What you are asked to do
Set down, word for word, every line of the material below from the one containing "本作品内容为绿色森林听小鸟歌唱的小麋鹿插画, 格式为 jpg, 大小4" through the one containing "El nombre del", but none of its pictures.

Data section

----------------

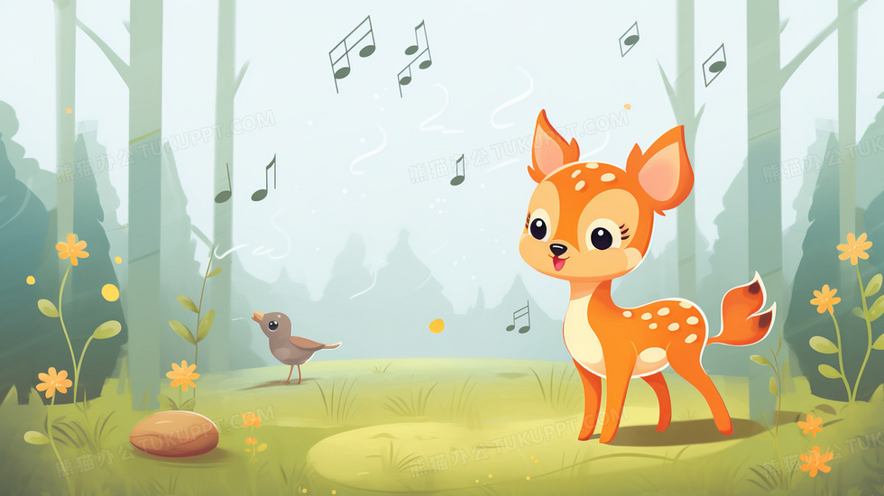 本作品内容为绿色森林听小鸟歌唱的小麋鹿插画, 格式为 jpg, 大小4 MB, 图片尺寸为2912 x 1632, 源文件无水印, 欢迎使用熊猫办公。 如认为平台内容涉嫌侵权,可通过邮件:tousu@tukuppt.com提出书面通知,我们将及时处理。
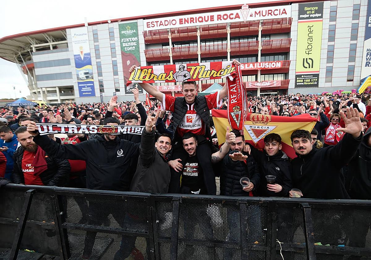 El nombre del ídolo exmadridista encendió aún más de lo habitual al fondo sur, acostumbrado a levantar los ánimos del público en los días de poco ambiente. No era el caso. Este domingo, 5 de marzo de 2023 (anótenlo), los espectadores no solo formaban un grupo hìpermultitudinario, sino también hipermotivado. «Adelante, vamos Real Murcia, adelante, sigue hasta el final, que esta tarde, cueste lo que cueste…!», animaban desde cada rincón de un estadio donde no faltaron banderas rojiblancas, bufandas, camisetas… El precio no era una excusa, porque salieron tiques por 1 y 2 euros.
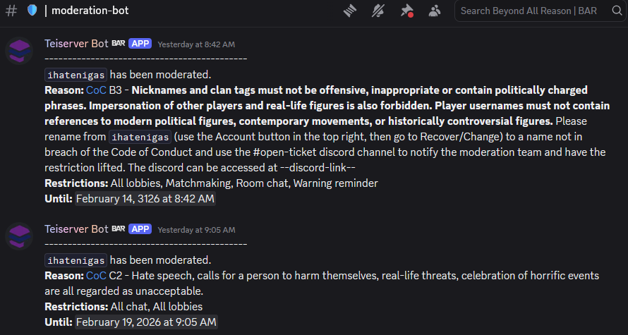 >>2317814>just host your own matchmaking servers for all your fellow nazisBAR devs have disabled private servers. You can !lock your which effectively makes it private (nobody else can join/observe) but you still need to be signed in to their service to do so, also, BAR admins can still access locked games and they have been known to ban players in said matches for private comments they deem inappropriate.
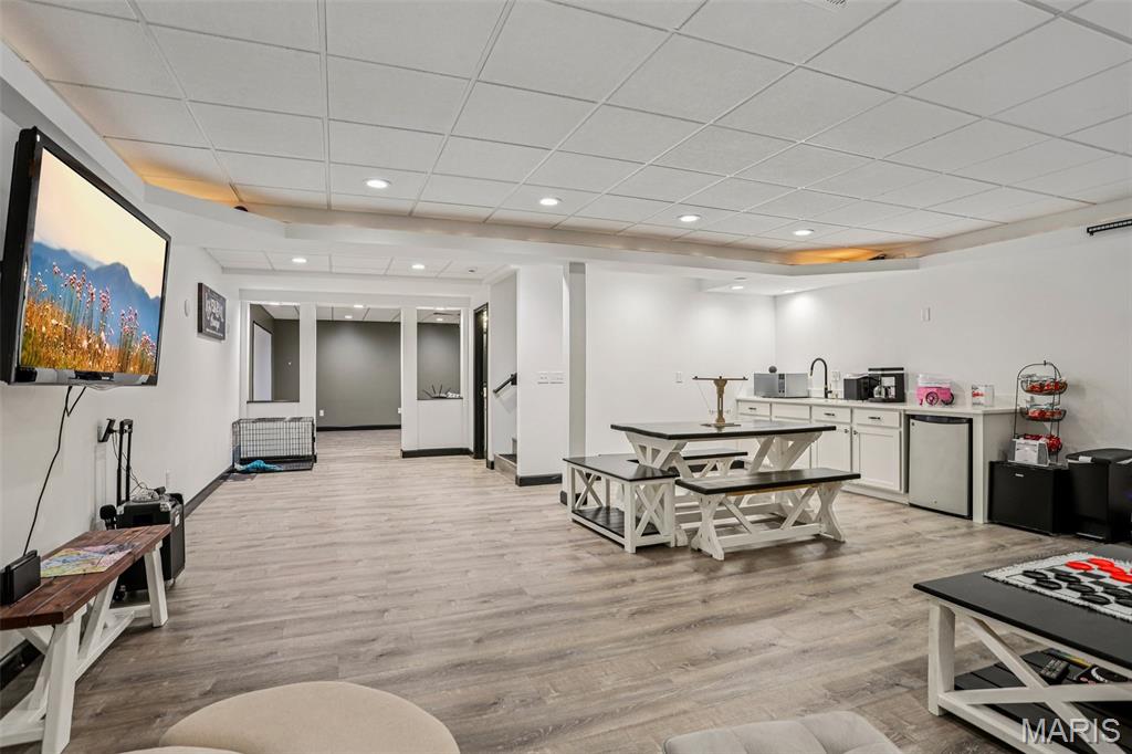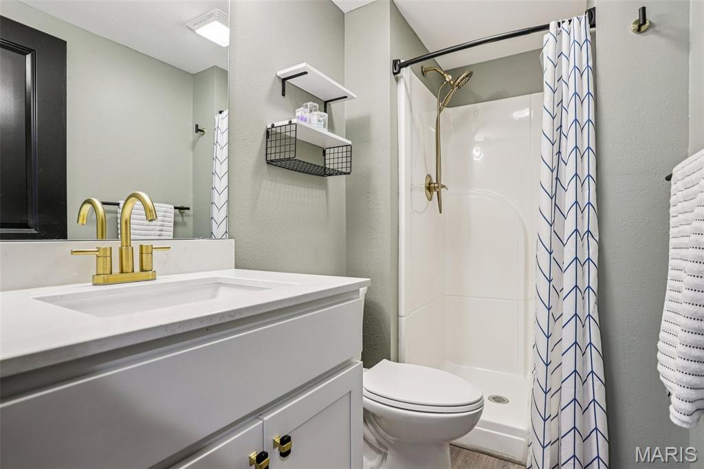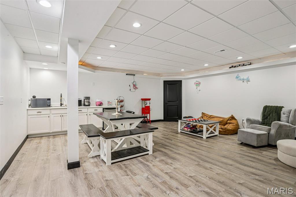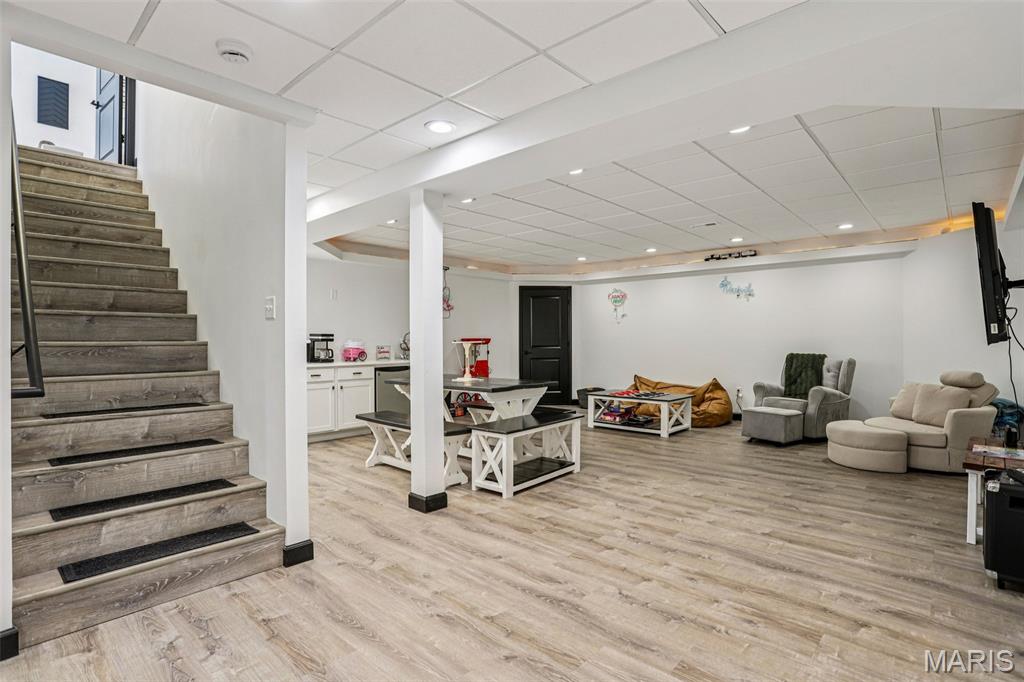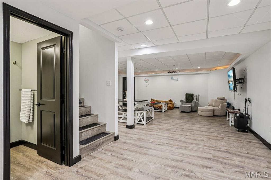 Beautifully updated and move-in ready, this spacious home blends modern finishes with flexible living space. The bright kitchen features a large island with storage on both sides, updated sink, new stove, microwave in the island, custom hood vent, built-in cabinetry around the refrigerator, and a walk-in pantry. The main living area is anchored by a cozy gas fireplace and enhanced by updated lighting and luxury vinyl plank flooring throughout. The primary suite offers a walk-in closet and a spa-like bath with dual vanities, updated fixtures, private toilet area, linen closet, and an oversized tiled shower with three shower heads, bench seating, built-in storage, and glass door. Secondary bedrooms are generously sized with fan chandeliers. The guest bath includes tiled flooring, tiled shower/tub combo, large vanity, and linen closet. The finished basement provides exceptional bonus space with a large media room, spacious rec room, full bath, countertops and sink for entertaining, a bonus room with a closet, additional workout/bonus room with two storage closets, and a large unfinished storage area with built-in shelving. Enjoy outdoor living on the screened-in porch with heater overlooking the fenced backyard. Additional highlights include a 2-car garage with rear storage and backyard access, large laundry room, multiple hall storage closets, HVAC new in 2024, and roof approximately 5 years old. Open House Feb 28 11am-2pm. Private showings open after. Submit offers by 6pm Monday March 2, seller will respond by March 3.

----------------

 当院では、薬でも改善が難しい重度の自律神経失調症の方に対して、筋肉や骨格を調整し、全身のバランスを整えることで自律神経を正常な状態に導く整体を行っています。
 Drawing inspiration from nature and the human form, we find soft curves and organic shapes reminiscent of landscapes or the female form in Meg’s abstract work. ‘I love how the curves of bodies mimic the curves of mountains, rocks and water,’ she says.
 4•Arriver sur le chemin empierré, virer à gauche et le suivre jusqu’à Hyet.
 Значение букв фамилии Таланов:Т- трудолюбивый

----------------

Answer to the problem
 本作品内容为绿色森林听小鸟歌唱的小麋鹿插画, 格式为 jpg, 大小4 MB, 图片尺寸为2912 x 1632, 源文件无水印, 欢迎使用熊猫办公。 如认为平台内容涉嫌侵权,可通过邮件:tousu@tukuppt.com提出书面通知,我们将及时处理。
 El nombre del ídolo exmadridista encendió aún más de lo habitual al fondo sur, acostumbrado a levantar los ánimos del público en los días de poco ambiente. No era el caso. Este domingo, 5 de marzo de 2023 (anótenlo), los espectadores no solo formaban un grupo hìpermultitudinario, sino también hipermotivado. «Adelante, vamos Real Murcia, adelante, sigue hasta el final, que esta tarde, cueste lo que cueste…!», animaban desde cada rincón de un estadio donde no faltaron banderas rojiblancas, bufandas, camisetas… El precio no era una excusa, porque salieron tiques por 1 y 2 euros.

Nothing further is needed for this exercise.